Bit 1 becomes 0 + 1 + 1 +1 + 0 + 1 + 1 + 1 + 0 + 1 + 0 = 7 which is odd
Bit 2 becomes 0 + 1 + 1 + 1 + 0 + 1 + 0 + 1 + 1 + 1 = 7 which is odd
Bit 4 becomes 0 + 1 + 1 + 1 + 0 + 1 + 0 + 1 + 1 + 0 = 6 which is even
Bit 8 becomes 0 + 0 + 0 + 1 + 0 + 1 + 0 + 1 = 3 which is odd
Bit 16 becomes 1 + 0 + 1 + 1 + 1 + 0 = 4 which is even.

All bits must be even, so bits 1, 2, and 8 are incorrect.  Since 1 + 2 + 8 = 11, we know that bit 11 has been changed.  Hamming's code will not only let us know that a bit has been changed but which bit has changed.

The characters that we type in is stored as a byte (that is why it is also called a character).  For instance, the letter "A" is stored as 0100 0001.  To Conserve space, the characters are sometimes represented as Octal or Hexadecimal.  The code used is the American Standard Code for Information Interchange (ASCII pronounced Askey)  For a complete listing of all characters in all formats, please click below:

    ASCII table

My ASCII Chart

    0   1   2   3   4   5   6   7   8   9   A   B   C   D   E   F

0  NUL SOH STX ETX EOT ENQ ACK BEL BS  HT  LF  VT  FF  CR  SO  SI

1  DLE DC1 DC2 DC3 DC4 NAK SYN ETB CAN EM  SUB ESC FS  GS  RS  US

2   SP  !   "   #   $   %   &   '   (   )   *   +   ,   -   .   /

3   0   1   2   3   4   5   6   7   8   9   :   ;   <   =   >   ?

4   @   A   B   C   D   E   F   G   H   I   J   K   L   M   N   O

5   P   Q   R   S   T   U   V   W   X   Y   Z   [   \   ]   ^   _

6   `   a   b   c   d   e   f   g   h   i   j   k   l   m   n   o

7   p   q   r   s   t   u   v   w   x   y   z   {   |   }   ~ DEL

Here's a link to a decimal-to-ASCII chart.

Cache Memory

CPUs are faster than memories.  Memory designers have concentrated on increasing capacity not speed.  After the CPU issues a memory request, it will not get the word it needs for many CPU cycles.  There are two solutions.  One is to start memory READs when they are encountered but continue executing and stall the CPU if an instruction tries to use the memory word before it has arrived.  The other solution is to require compilers not to generate code to use words before they have arrived.  Often after a LOAD there is nothing else to do, so the compiler is forced to insert NOP (no operation) instructions, which do nothing, but occupy a slot and waste time.  Engineers can build fast memories, but they have to be located  on the CPU chip (going over the bus to memory is slow).  This makes the chip bigger and expensive.  So the choice is a small amount of fast memory or a large amount of slow memory.

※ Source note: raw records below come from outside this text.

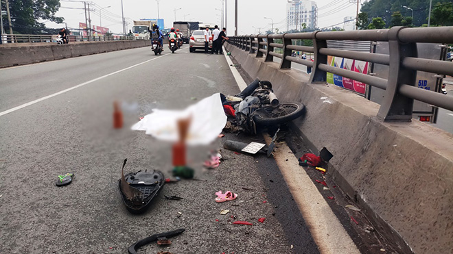 Vụ tai nạn xảy ra vào khoảng 12h 15 trưa 2/6 trên cầu vượt ngã tư Amata (TP. Biên Hòa, Đồng Nai).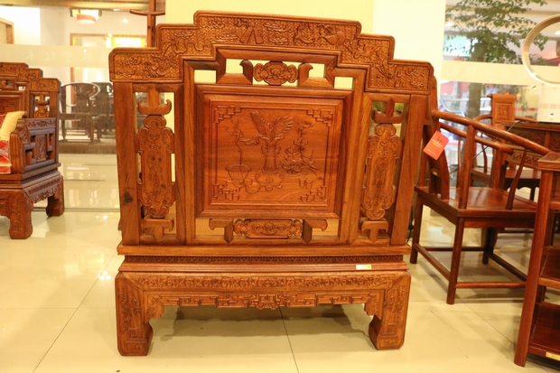 沙發(fā)正上方為一條橫架著的左右兩邊呈三截"樓梯"式樣的長(zhǎng)板,長(zhǎng)板的正面和背面都刻畫了許多喻示著吉祥平安福到之意的法器寶物,譬如道家八寶中的:鐵拐李的寶葫蘆、曹國(guó)舅的玉板、何仙姑的荷花以及藍(lán)采和的花籃等。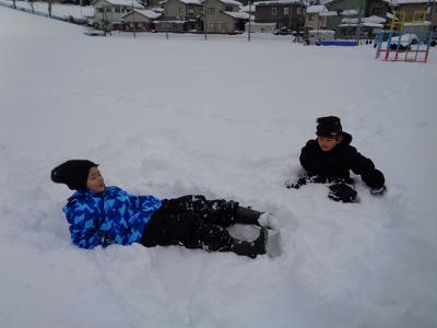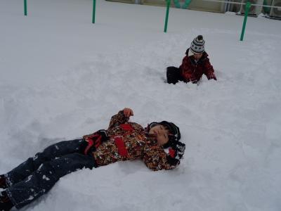 雪の中で寝転がって、いつもとは違う感覚を楽しんでいるようでした。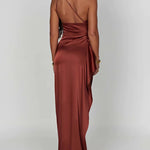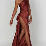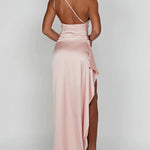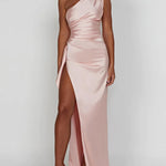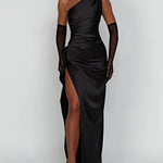 Faites tourner les têtes avec cette robe maxi satin à épaule dénudée, conçue pour épouser votre silhouette aux bons endroits. L'encolure asymétrique élégante et la fente haute sur la cuisse offrent une silhouette séduisante, en faisant le choix parfait pour des événements formels, des galas ou des soirées romantiques.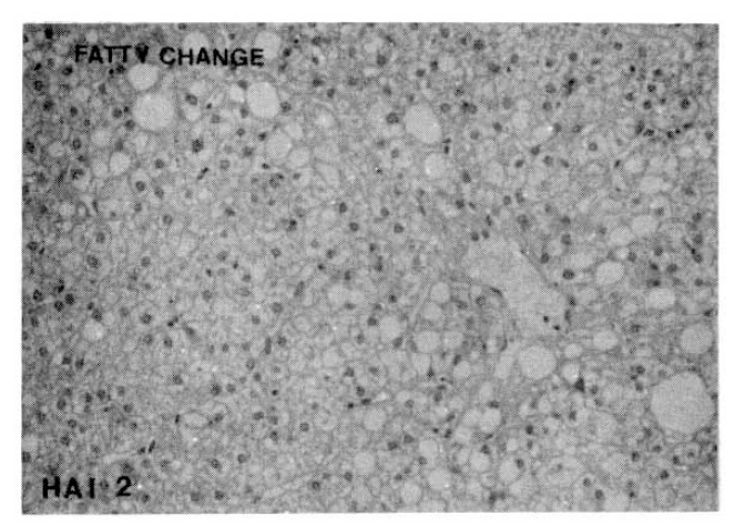 Fatty change could not be detected in 57.9% of the CAH-C group and 68.4% of the CAH-B group, respectively. There was no significant difference in the morphologic feature of fatty cange between these two groups (Table 11, Fig. 8).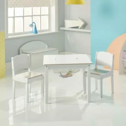VIDAXL Ensemble De Table Et Chaises Enfants 3 Pcs Blanc Et Gris Mdf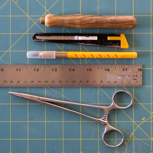 In my practice I create artist’s books and content-sensitive altered book works. I rarely use the sewn codex as a format, so I did not include an awl —I have three lovely ones in different sizes made for me by my partner David— or a needle. My two most used tools in any project are a home-made scoring/scribing tool and an Olfa snap-off-blade knife. I also use a scalpel when cutting, especially curves. The eighteen inch steel rule is absolutely essential. The surgical forceps would not have made my list under normal circumstances, but I discovered that they were the only tool I own that would enable me to assemble my most recent artist’s book.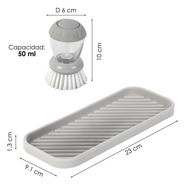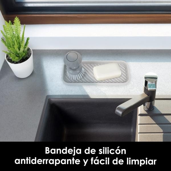 | Acabado | Mate | Contenido del empaque | Una bandeja de silicón y un cepillo dispensador de jabón. |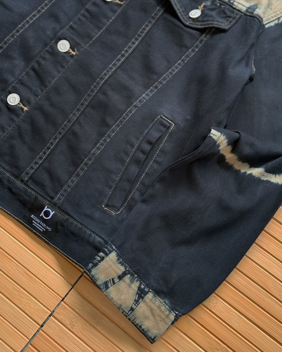 ジャケット上部と襟口をブラウンベージュに黒のタイダイ柄、両袖にベージュの線を入れ、身ごろ全体を黒1色に染色したデニムジャケット。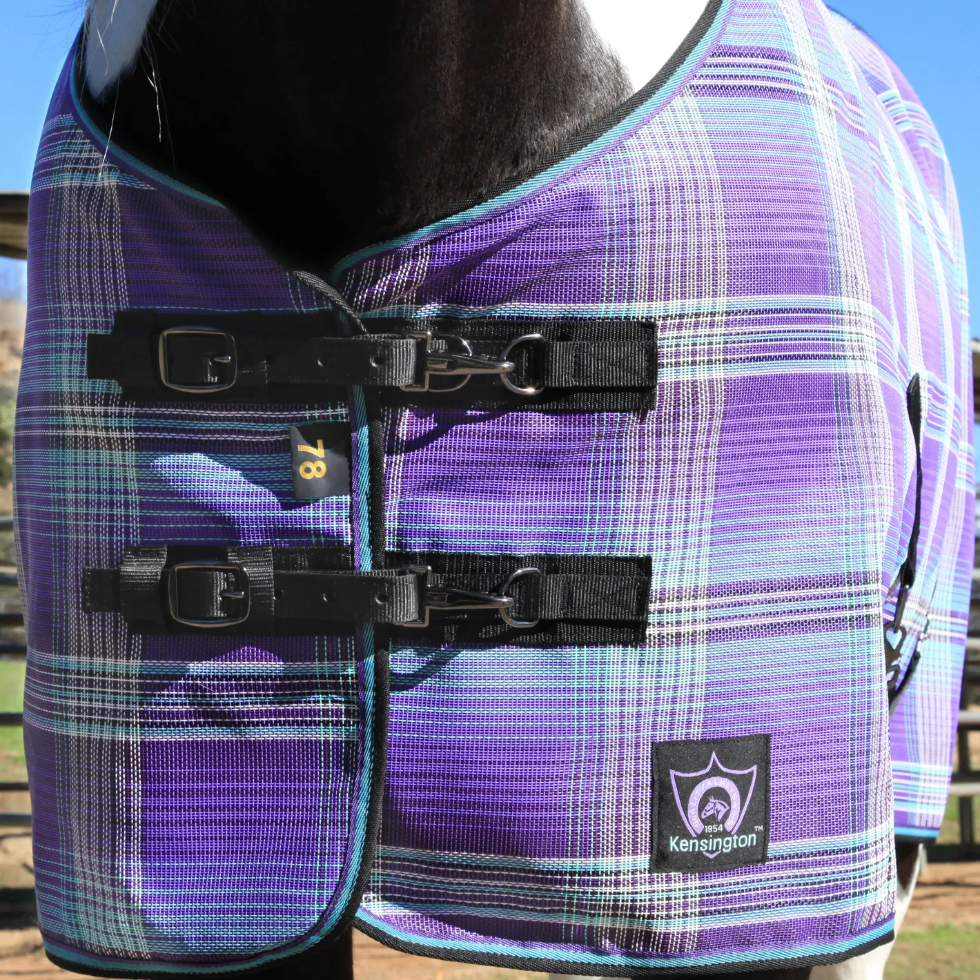 The breathable fabric is fade- and mildew- resistant, fire retardant, and treated to protect your horse from UV rays, dirt and grime. In bug season, this fly sheet keeps flying insects off; in snowing conditions, it can be layered over Kensington turnouts add extra life to the blanket while keeping snow from coming in direct contact with the waterproof blanket.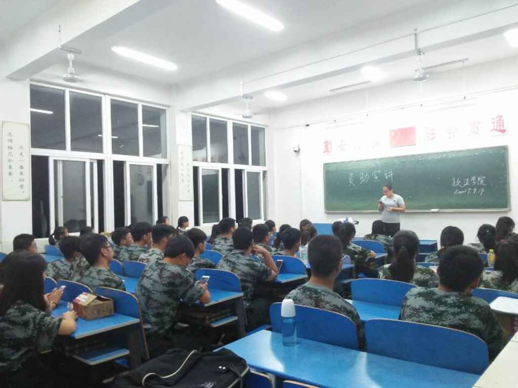 会上,院系资助工作的学生干部向同学们介绍了学校近期资助工作的安排,并对国家奖学金、国家励志奖学金、国家助学金、国家助学贷款(包括校园地国家助学贷款和生源地信用助学贷款)、高校大学生义务服兵役学费补偿贷款代偿、直接招收士官学费补偿贷款代偿及退役士兵资助、新生入学资助项目、勤工助学、学费减免等多种形式的高校家庭经济困难学生资助政策体系进行了详细讲解,帮助新生理解和认识党、国家和学校各项资助政策。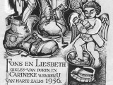 Heel wat krabben hebben elkaar met Carnaval leren kennen, zo ook het echtpaar Krijnen voor wie Fons Gieles deze afbeelding maakte.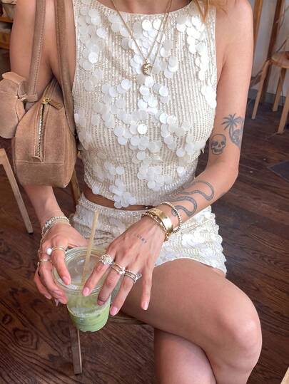 Firerie 女士新款优雅简约杏色亮片圆领无袖修身背心和低腰紧身迷你裙,适合女士生日服装、外出服装和俱乐部服装

Cache (from the French cacher, to hide) is a small fast memory.  It keeps the most heavily used memory words.  When the CPU needs a word, it looks first in the cache.  If the word is not there, it checks the main memory.  If a substantial fraction of the words are in cache, the access time is reduced.  Success or failure depends on what fraction of the words are in cache.  Programs do not access their memories completely at random.  The next memory reference will be in the general vicinity of the previous one.  Except for branches and procedure calls, instructions are fetched from consecutive locations in memory.  In loops, a limited number of instructions are repeatedly executed.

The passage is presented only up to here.